Studies focus on understanding the mechanisms by which PKA mediates both contractile inhibition and negative feedback regulation of the β2AR in human airway smooth muscle. Protocols include: 1) development of human airway smooth muscle cultures using airway tissue harvested from asthmatic or non-asthmatic subjects; 2) biochemical analysis of pro- and anti- contractile signaling in airway smooth muscle cultures; 3) cloning of recombinant PKA inhibitory constructs and expressing them in cells or tissue; and 4) analysis of regulation of airway smooth muscle contraction using murine trachea or 4th generation human airways ex vivo.

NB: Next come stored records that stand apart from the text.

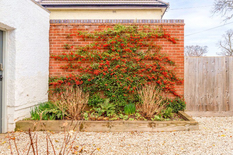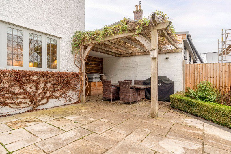 Several thoughtfully positioned seating areas are dotted throughout, including an established pergola offering sheltered outdoor space. The garden is richly planted with a variety of mature trees, including apple, acer, eucalyptus, cherry blossom, fig and Indian bean, creating year-round interest and a strong sense of seclusion. A discreet log store is tucked away, and there is convenient access to the attached garage.
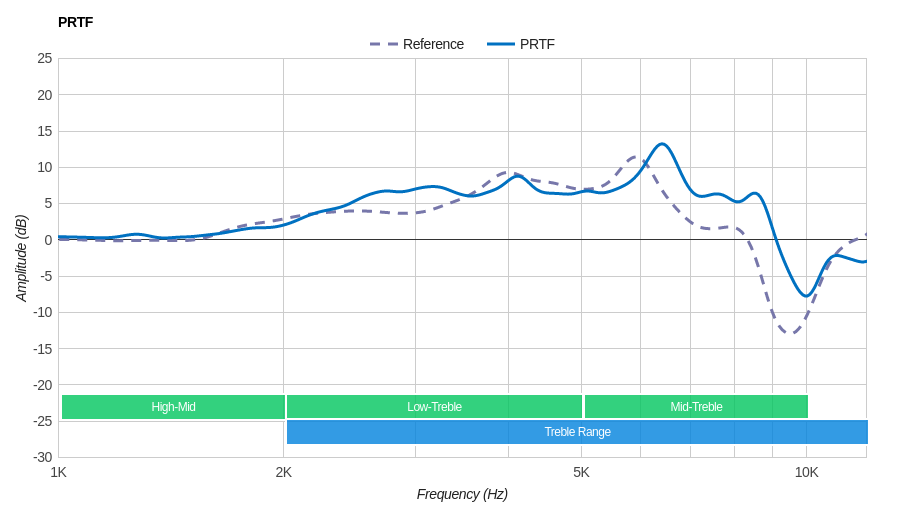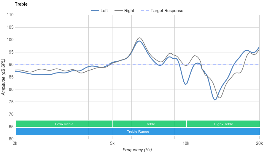 Great Treble Range performance. Low-treble is reproduced consistently and is within 1dB of our target. However, the sharp peak around 6.5KHz could make treble sound piercing and sharp on certain track.
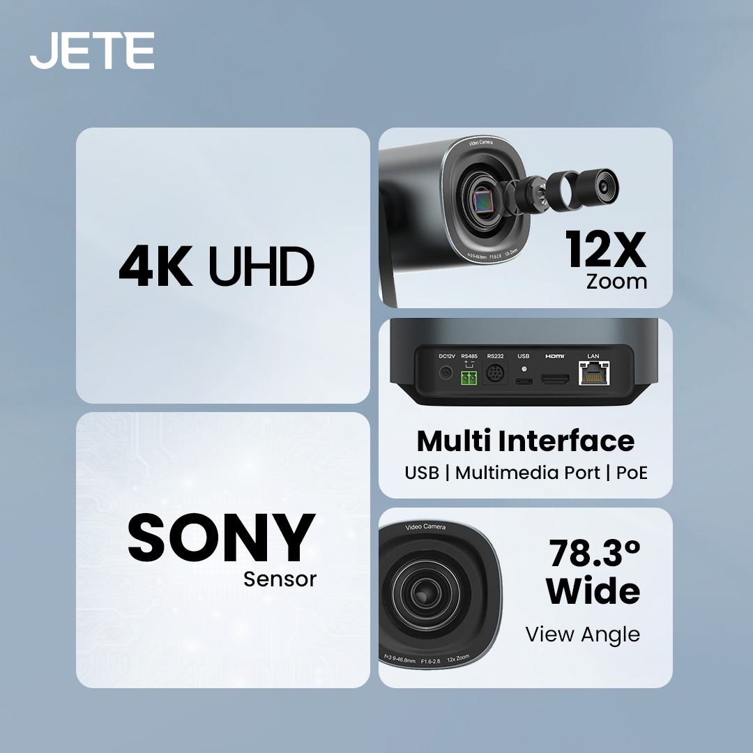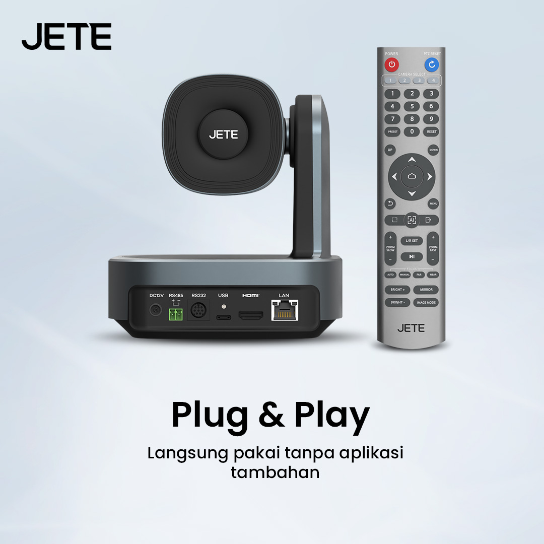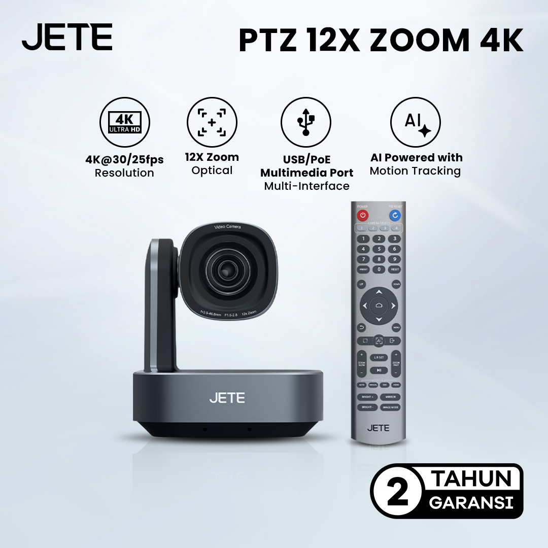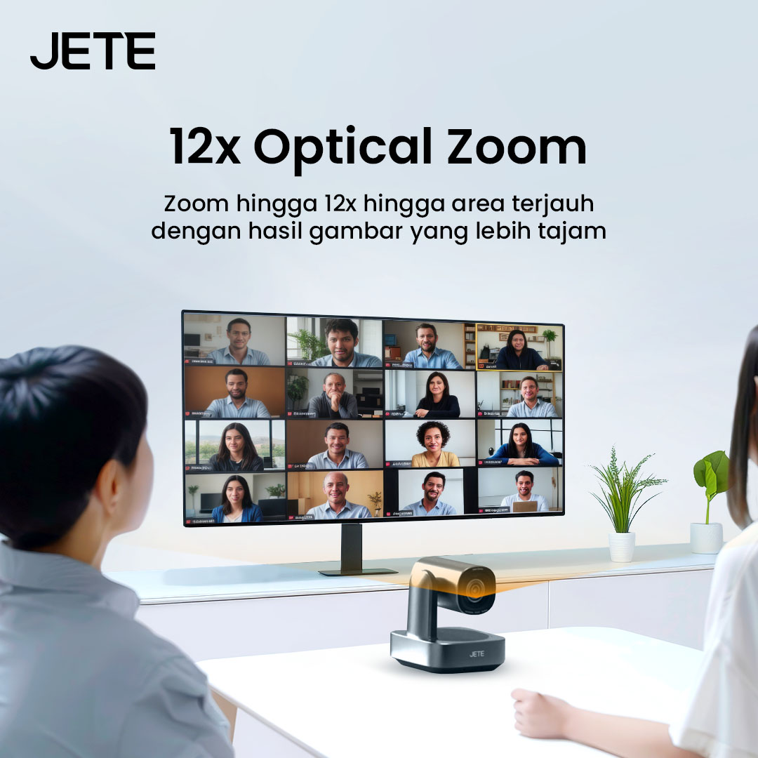 JETE PTZ 12X ZOOM 4K adalah kamera untuk meeting online dan konferensi dengan kualitas gambar yang jernih dan unggul. Kompatibel di semua perangkat, sistem operasi, dan software meeting terbaik. Dibekali AI Motion Tracking menjadikannya lebih nyaman dan tetap fokus.

“Arrestin selectivity for GPCRs in airway smooth muscle.”
Studies focus on detailing the role arrestin isoforms play in regulating the signaling capacity and function of different pro- and anti- contractile GPCRs in airway smooth muscle. Protocols include: 1) development of human airway smooth muscle cultures using airway tissue harvested from asthmatic or non-asthmatic subjects, and murine airway smooth muscle cultures derived for airways from beta-arrestin1 and beta-arrestin2 subtype knockout mice ; and 2) characterization of effect of arrestin subtype knockout (mice) or knockdown (human) on signaling and function of pro- and anti- contractile GPCRs.
“OGR1 is a proton-sensing GPCR in airway smooth muscle.”
Studies focus on characterizing the signaling events elicited by reduced extracellular pH in human airway smooth muscle cells, their dependence on the G protein-coupled receptor OGR1, and associated functional consequences. Protocols involve: 1) assessing signaling by OGR1 in artificial systems (recombinant OGR1 expressed in HEK293 cells) or primary human airway smooth muscle (endogenous OGR1 in cells in culture or 4th generation human airways) by reduced extracellular pH or novel putative OGR1 ligands; 2) effect of reduced extracellular pH or novel putative OGR1 ligands on single cell or human airway smooth muscle tissue contraction both ex vivo (mouse and human) or in vivo (in mice expressing or lacking OGR1).
“Optimizing beta-adrenoceptor signaling bias in asthma.”
Studies explore the capacity of different ligands of the beta-2-adrenoceptor (b2AR) to promote Gs and arrestin-dependent signaling, and regulate the asthma phenotype in murine models of allergic lung inflammation, based on the observation that certain types of b2AR antagonists (“beta-blockers), when administered chronically in mice, strong inhibit the development of allergen-induced inflammation and airway hyperreactivity. Protocols include: 1) characterization of ligand “bias” (the ability to promote Gs- or arrestin-dependent signaling) in multiple cell types (including airway epithelium and smooth muscle); 2) the effect of these ligands on mucin production in murine and human airway epithelial cultures; and 3) the effect of chronic ligand treatment on the asthma phenotype induced by allergic lung inflammation in wild type mice and mice deficient in beta-arrestin expression in specific cell types.